Mindful Memory

Apr 20, 2021

Python is a high-level programming language and as such doesn’t have the same precise control of memory as low-level programs such as C. Despite this mindful Pythonistas can still be aware of the memory consumption of their programs and strive toward writing memory efficient code.

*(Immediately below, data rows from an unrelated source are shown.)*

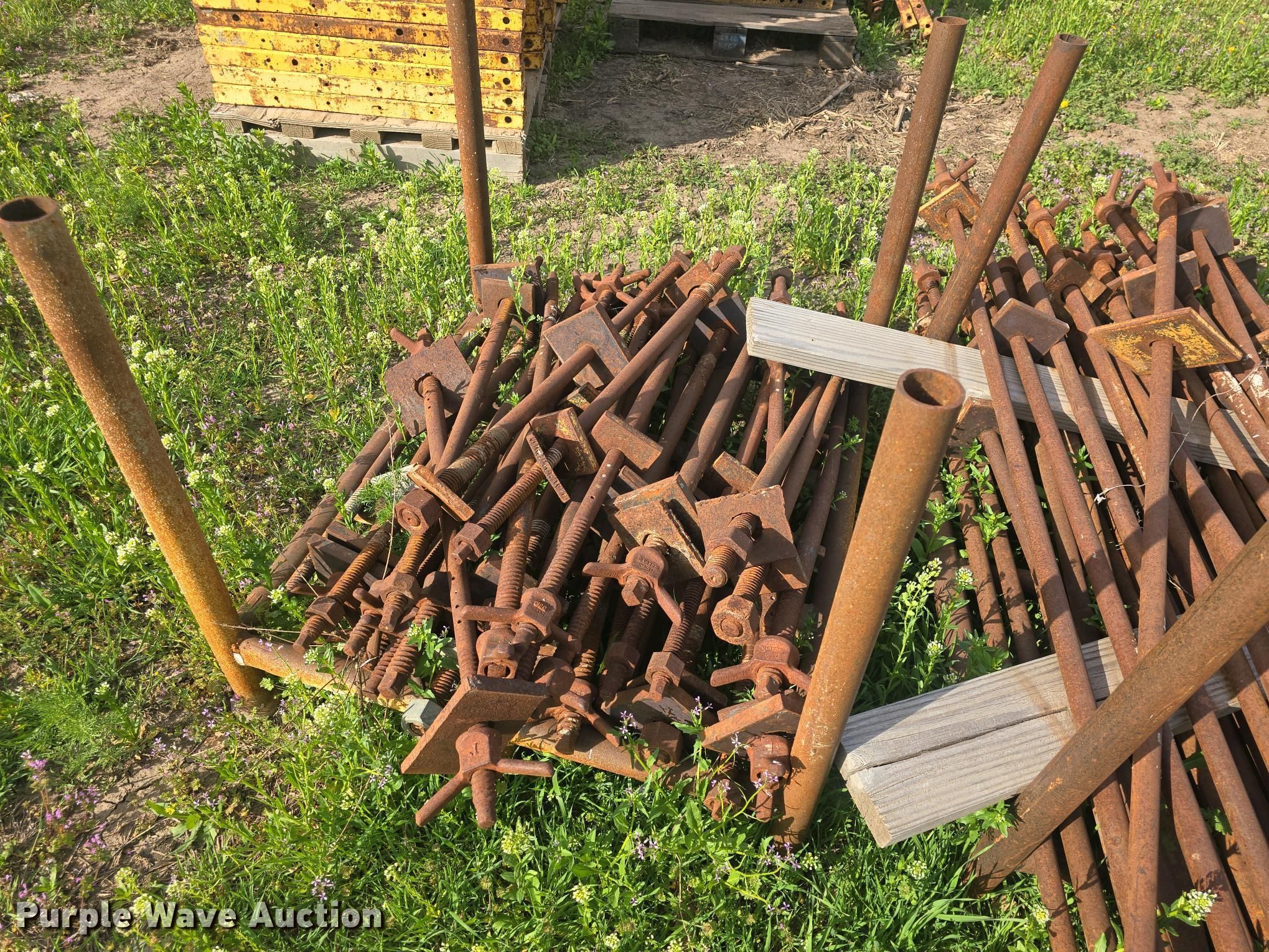 Purple Wave is selling a used Concrete Equip. or Acces. in Kansas. This item is a EFCO concrete equipment with the following: Approx. 165 beams, Lengths: 36" to 144", Approx. 110 taper tie bolts, Approx. 113 bridge brackets, Adjustable tie bearings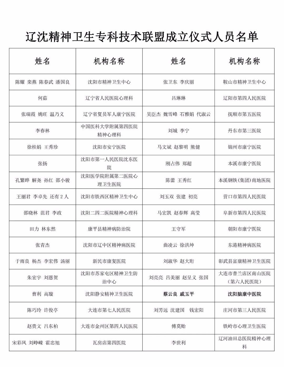 专科联盟是根据区域内医疗机构优势专科资源。由沈阳市精神卫生中心组建,2018年10月26日将在沈阳成立,届时我院蔡云良院长和戚玉平主任都将受邀参加成立仪式大会。同时参加大会的还有省内34家医疗机构加盟。(联盟名单请看附件)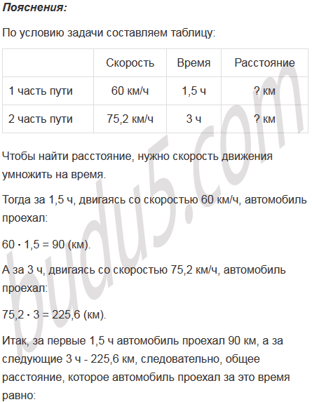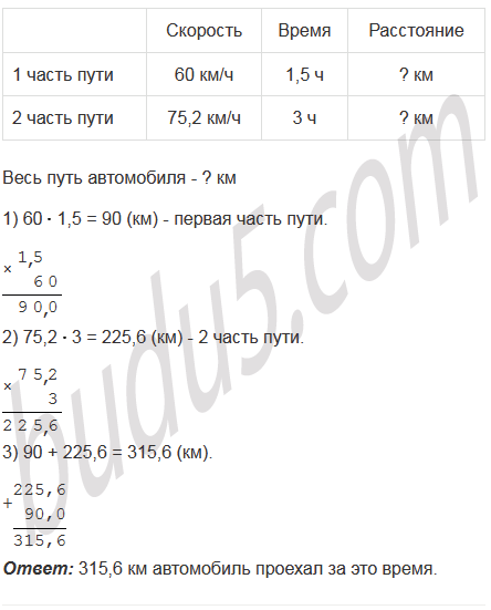 Автомобиль ехал 1,5 ч со скоростью 60 км/ч и 3 ч со скоростью 75,2 км/ч. Найдите расстояние, которое проехал автомобиль за это время.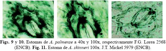 El género Athyrium ha sido colocado en la familia Aspleniaceae (Van Cotthem, 1973) y en cuanto a los tipos de estomas que pueden presentar los integrantes de esta familia se mencionan los anomocíticos y polocíticos. En las especies de estudio se encontraron estomas polocíticos, que se caracterizan por presentar una célula subsidiaria rodeada por células epidérmicas de paredes onduladas, de tal forma, que tanto A. palmense y A. skinneri presentan la misma morfología interna de tallo y de tipos de estomas (Figs. 9, 10 y 11).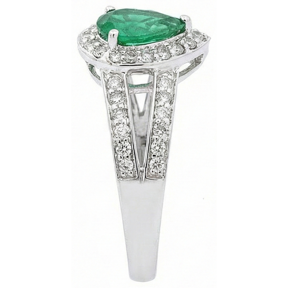 Bague de mariage 6 carats poire vert émeraude avec diamants or blanc 14K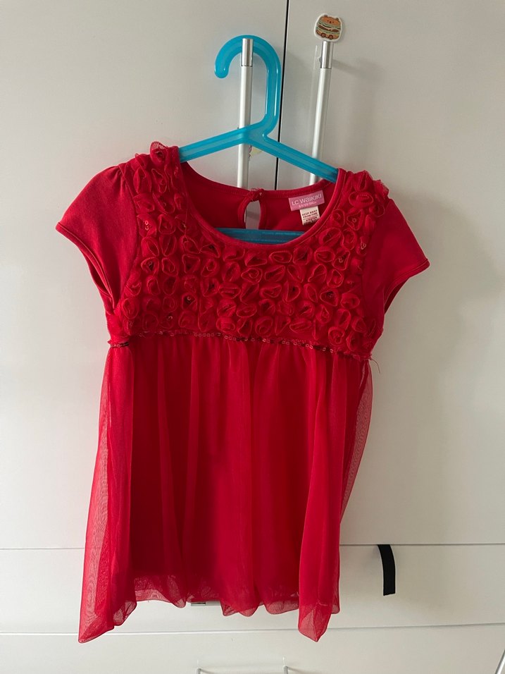 Kısa kollu, salaş kesim ve yuvarlak yakalı kız çocuk kırmızı elbise. Göğüs kısmında fırfır detayları vardır ve sentetik kumaştan üretilmiştir.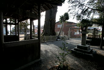 鳥居をくぐると右手に、境内の外からも見えた、樹高35mの大きな御神木。
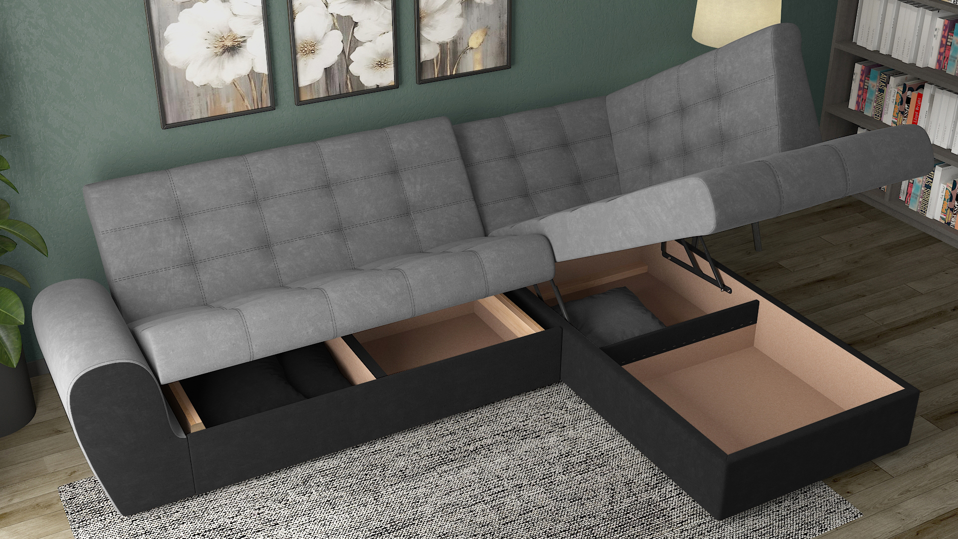 Ъглов диван Белла S съчетава стил, комфорт и изключителна практичност – перфектен избор за съвременния дом. Благодарение на своя клик-клак механизъм, диванът лесно се трансформира в удобно легло, което го прави отлично решение както за всекидневна почивка, така и за гости.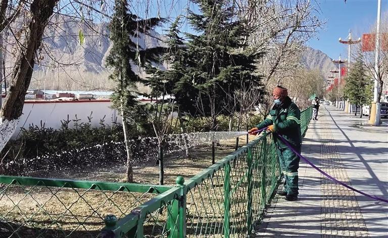 潔達(dá)園林公司副總經(jīng)理次仁平措介紹:“近日,我們的工作人員已開始對城區(qū)綠化植被、行道樹和公園苗木進(jìn)行澆灌。此次冬季灌溉工作,主要采取人工噴灑及車輛澆灌相結(jié)合的方式,將解決大型噴灑設(shè)備無法全面澆灌的問題。”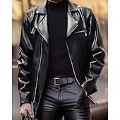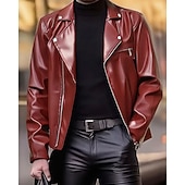 Miesten Nahkatakit Biker takki Moottoripyörä takki Loma Päivittäin Tuulenkestävä Pidä lämpimänä Tasku Syystalvi Tavallinen Muoti Klassinen Kauluskäänne Normaali Musta Rubiini Jackets

There are different motivations for reducing memory usage from processing data on a low powered laptop to reducing web server production costs. Almost all of these reasons start with looking at how your current program uses memory.

sys.getsizeof()

Let’s start with a simple function, getsizeof in the sys module. This function returns the size of an object in bytes. Here we can see the string “Python” consumes 55 bytes of memory.

from sys import getsizeof
>>> getsizeof("Python")
55

Getsizeof has limited functionality because it only returns the direct memory consumption of an object. This means Python container objects, including dicts, lists, tuples, and sets, as well as classes won’t return their full memory consumption footprint with getsizeof.

tracemalloc

The tracemalloc module is a debug tool used to trace memory blocks allocation. It can easily be incorporated into scripts to find the largest memory hogs.

Here is a simple test script, floats.py

from random import random 

floats = [random() for _ in range(10000000)]

def main():
    print(floats[:3])

main()

This script simply generates a list of 10 million random floats and prints out the first three.

$ python floats.py 
[0.9937146951190611, 0.9803072888538571, 0.6177404904978063]

Now let’s add tracemalloc to our floats.py script and see what lines consume the most memory.

import tracemalloc
tracemalloc.start()
from random import random 

floats = [random() for _ in range(10000000)]
snapshot = tracemalloc.take_snapshot()
top_stats = snapshot.statistics("lineno")

def main():
    # print(floats[:3])
    print("[ Top Ten ]")
    for stat in top_stats[:10]:
        print(stat)

main()

First we import tracemalloc from the Standard Library. Then we start the trace with tracemalloc.start(), take a snapshot with tracemalloc.take_snapshot()., and calculate the statistics with snapshot.statistics(“lineno”) Finally we print the top ten largest memory consumers.

Alright now let’s run our altered script.

$ python floats.py 
[ Top Ten ]
/home/pete/floats.py:5: size=314 MiB, count=10000000, average=33 B
<frozen importlib._bootstrap_external>:587: size=40.2 KiB, count=444, average=93 B
<frozen importlib._bootstrap>:228: size=16.3 KiB, count=184, average=91 B
/usr/lib64/python3.9/random.py:101: size=3092 B, count=13, average=238 B
/usr/lib64/python3.9/random.py:815: size=2552 B, count=1, average=2552 B
/usr/lib64/python3.9/random.py:820: size=2272 B, count=2, average=1136 B
/usr/lib64/python3.9/random.py:771: size=2119 B, count=11, average=193 B
<frozen importlib._bootstrap_external>:64: size=841 B, count=8, average=105 B
<frozen importlib._bootstrap>:353: size=800 B, count=11, average=73 B
<frozen importlib._bootstrap>:1007: size=648 B, count=3, average=216 B

Here we can see the code executed on line 5 consumed 314 MiB of memory. This line was where we defined the floats list consisting of 10 million floats. Now this was a simplistic example, but it shows how simple it is to debug the memory usage in Python scripts.

Now you should have a few tools on how to take a look at how Python scripts consume memory. This is a first step in writing better and more efficient code as we can now dissect how the specific algorithms and functions we use directly affect memory usage.